(DATASET SECTION)
----------
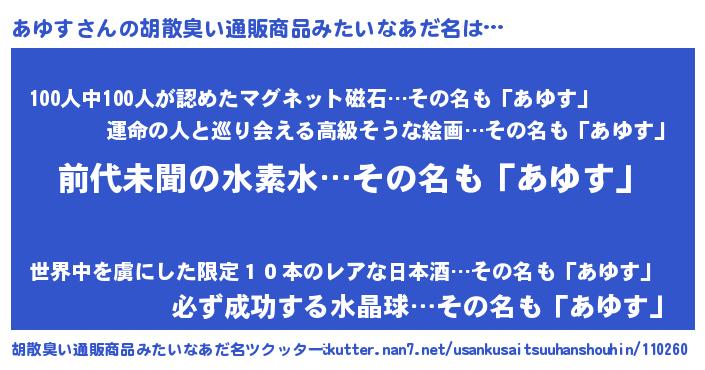 | ヘコむあだ名 | 『あゆす(苦笑)』『あゆにー』 |
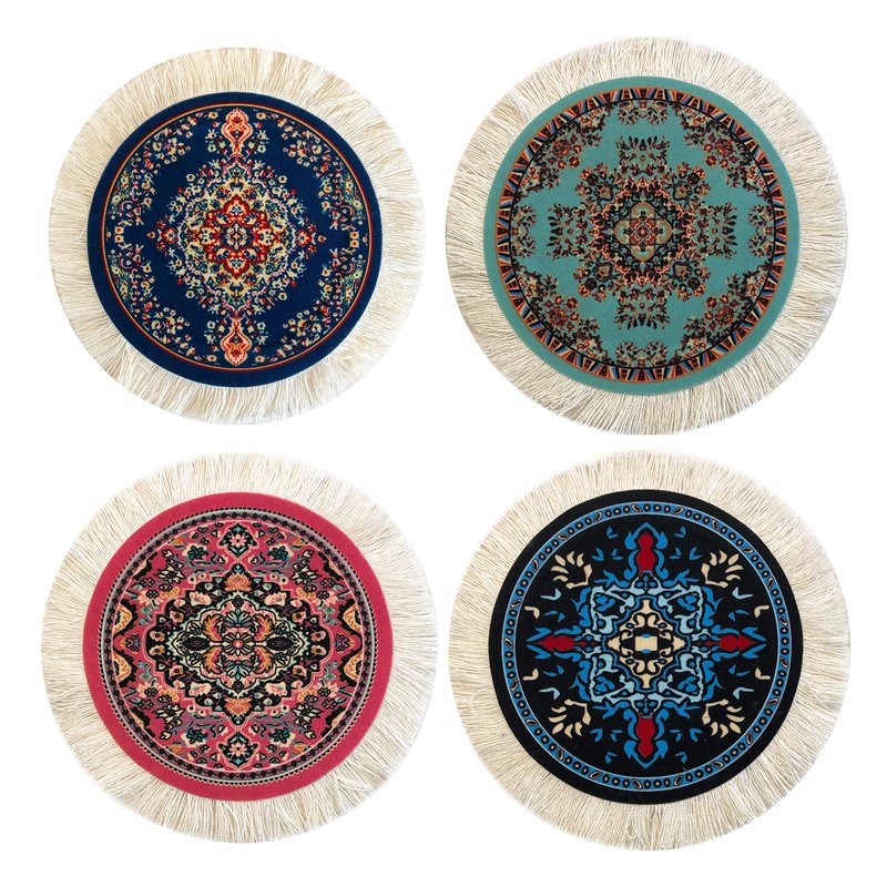 Oriental rugs have been famous for centuries. Now you have the opportunity to add miniature versions of these beautiful designs to your dollhouse. You will receive the four (4) rugs that are pictured. Product Details - Top of each rug has a soft, velvety feel with a unique and authentic Oriental rug design - White fringes long the edge - Bright colors that do not fade - Carpet is washable - Detailed design of authentic Oriental Rugs - Size including fringes: 5" diameter
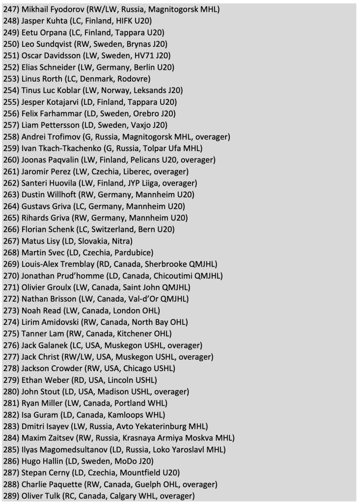 The positional breakdowns are always interesting, with right-handed centres at a premium again, along with the perennially coveted right-shot defenders. This class of goaltenders gradually grew on me and now I’m seeing value in those middle rounds. I really like my Top 10 at that position, even vouching for my Top 16, but I’m sure there will be closer to 30 goaltenders taken, including some obscure netminders that I’ve never heard of and a number of overagers, considering there are 32 teams drafting.
----------
(YOUR ASSIGNMENT)
With the pictures left out, return all the material above exactly.

(OUTPUT OF THE EXERCISE)
 | ヘコむあだ名 | 『あゆす(苦笑)』『あゆにー』 |
 Oriental rugs have been famous for centuries. Now you have the opportunity to add miniature versions of these beautiful designs to your dollhouse. You will receive the four (4) rugs that are pictured. Product Details - Top of each rug has a soft, velvety feel with a unique and authentic Oriental rug design - White fringes long the edge - Bright colors that do not fade - Carpet is washable - Detailed design of authentic Oriental Rugs - Size including fringes: 5" diameter
 The positional breakdowns are always interesting, with right-handed centres at a premium again, along with the perennially coveted right-shot defenders. This class of goaltenders gradually grew on me and now I’m seeing value in those middle rounds. I really like my Top 10 at that position, even vouching for my Top 16, but I’m sure there will be closer to 30 goaltenders taken, including some obscure netminders that I’ve never heard of and a number of overagers, considering there are 32 teams drafting.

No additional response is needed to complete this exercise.